◆ Supplied material ◆
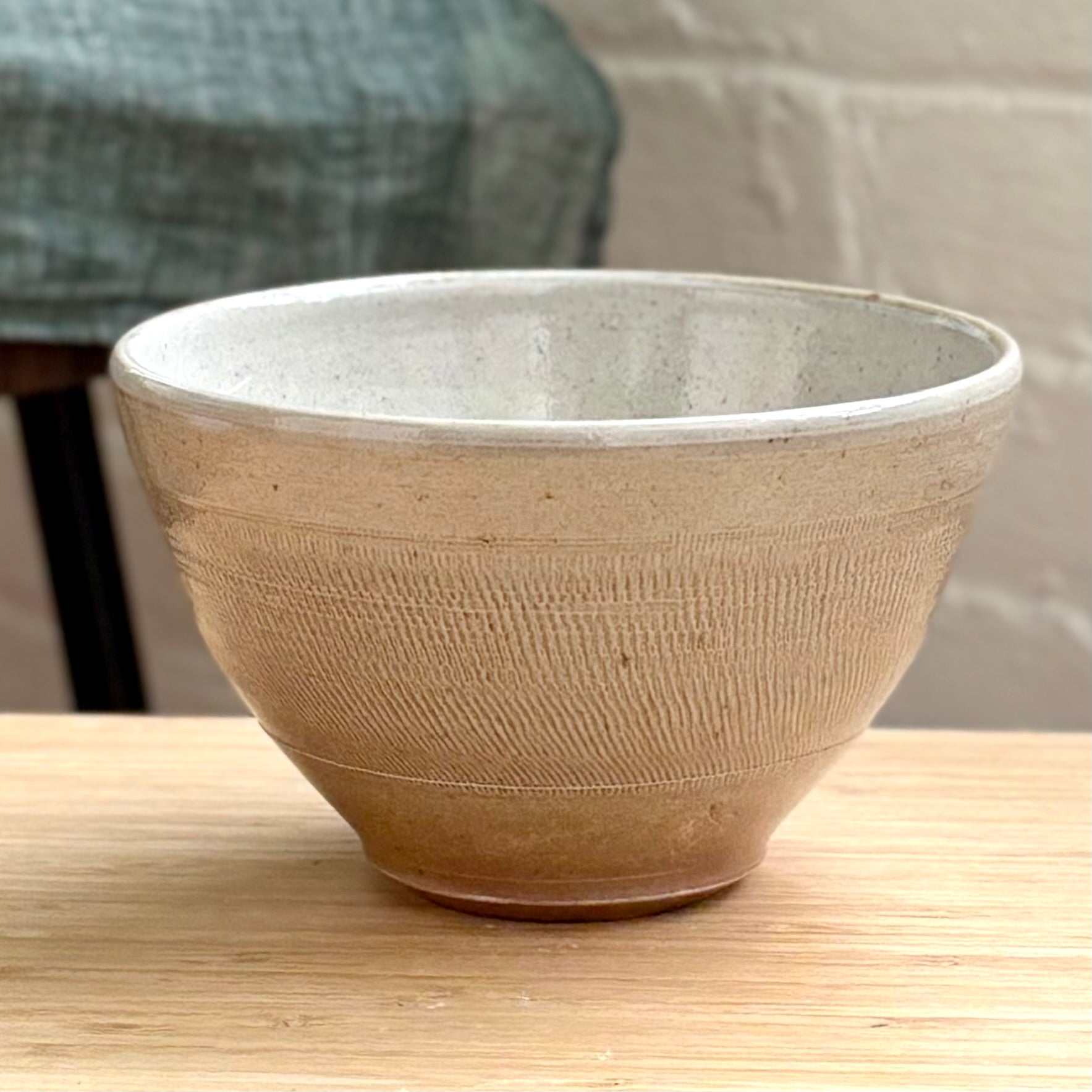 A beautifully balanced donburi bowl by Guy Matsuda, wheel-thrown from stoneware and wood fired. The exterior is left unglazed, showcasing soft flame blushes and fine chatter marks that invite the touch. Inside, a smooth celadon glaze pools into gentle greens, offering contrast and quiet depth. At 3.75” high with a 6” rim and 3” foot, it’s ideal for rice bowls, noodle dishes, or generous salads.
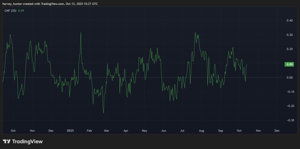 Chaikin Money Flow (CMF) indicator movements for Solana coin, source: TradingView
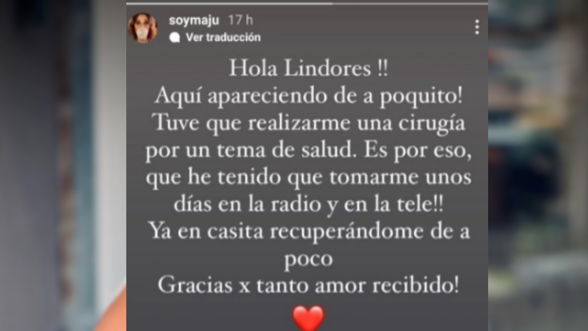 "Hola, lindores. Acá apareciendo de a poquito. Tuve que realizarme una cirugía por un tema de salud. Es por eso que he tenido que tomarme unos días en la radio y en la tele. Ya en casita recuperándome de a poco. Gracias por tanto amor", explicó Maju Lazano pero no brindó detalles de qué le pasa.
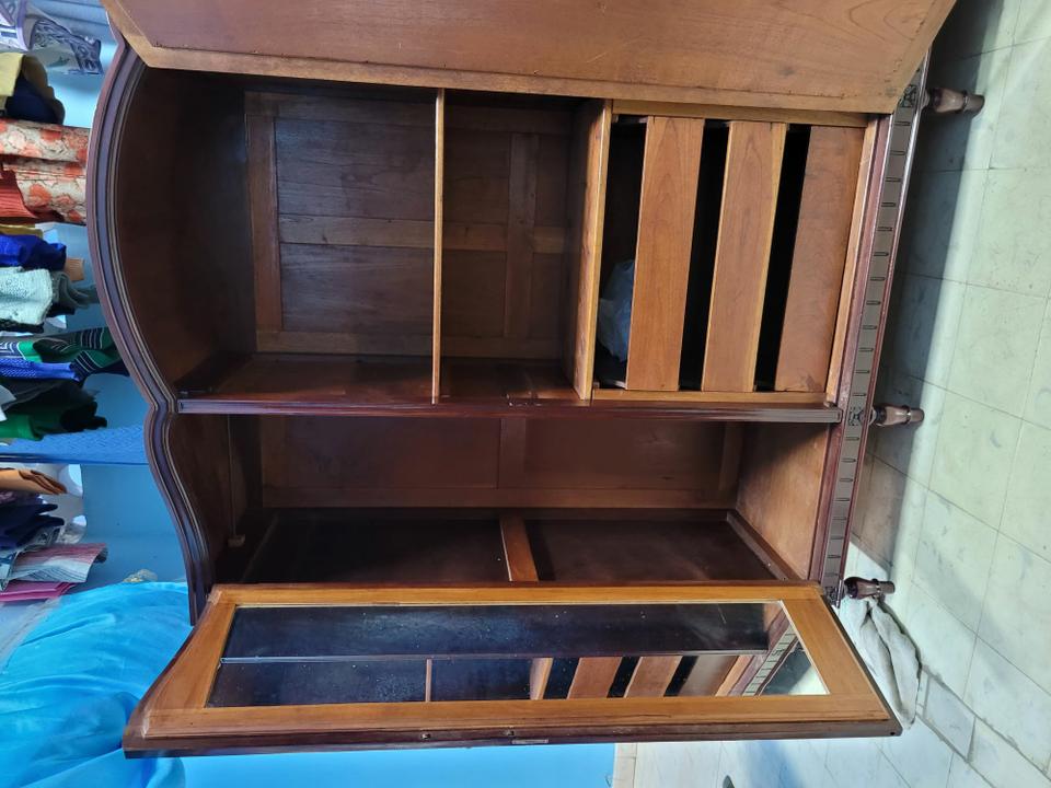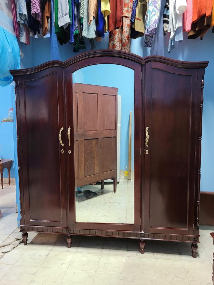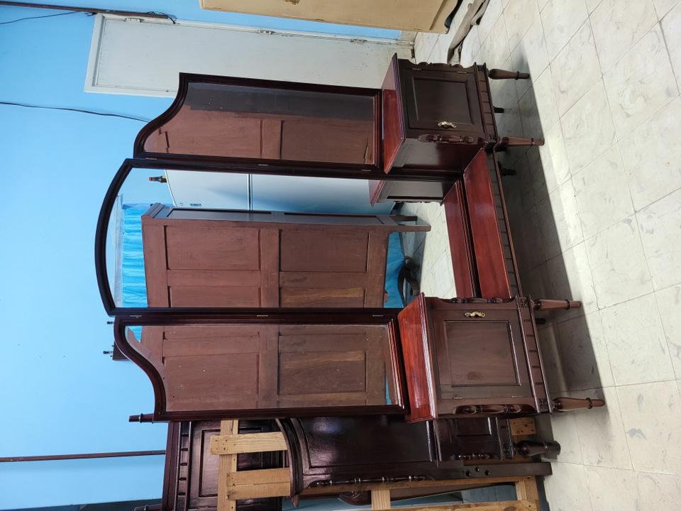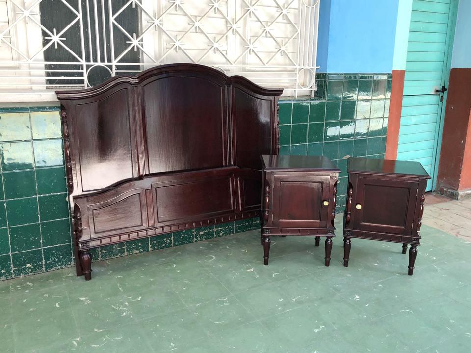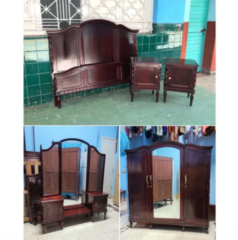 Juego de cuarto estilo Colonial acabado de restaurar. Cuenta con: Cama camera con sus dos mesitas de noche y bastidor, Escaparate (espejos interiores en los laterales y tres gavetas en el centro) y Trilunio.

◆ Task to complete ◆
The whole listing above is to be printed exactly; the pictures stay out.

◆ Exercise response ◆
 A beautifully balanced donburi bowl by Guy Matsuda, wheel-thrown from stoneware and wood fired. The exterior is left unglazed, showcasing soft flame blushes and fine chatter marks that invite the touch. Inside, a smooth celadon glaze pools into gentle greens, offering contrast and quiet depth. At 3.75” high with a 6” rim and 3” foot, it’s ideal for rice bowls, noodle dishes, or generous salads.
 Chaikin Money Flow (CMF) indicator movements for Solana coin, source: TradingView
 "Hola, lindores. Acá apareciendo de a poquito. Tuve que realizarme una cirugía por un tema de salud. Es por eso que he tenido que tomarme unos días en la radio y en la tele. Ya en casita recuperándome de a poco. Gracias por tanto amor", explicó Maju Lazano pero no brindó detalles de qué le pasa.
 Juego de cuarto estilo Colonial acabado de restaurar. Cuenta con: Cama camera con sus dos mesitas de noche y bastidor, Escaparate (espejos interiores en los laterales y tres gavetas en el centro) y Trilunio.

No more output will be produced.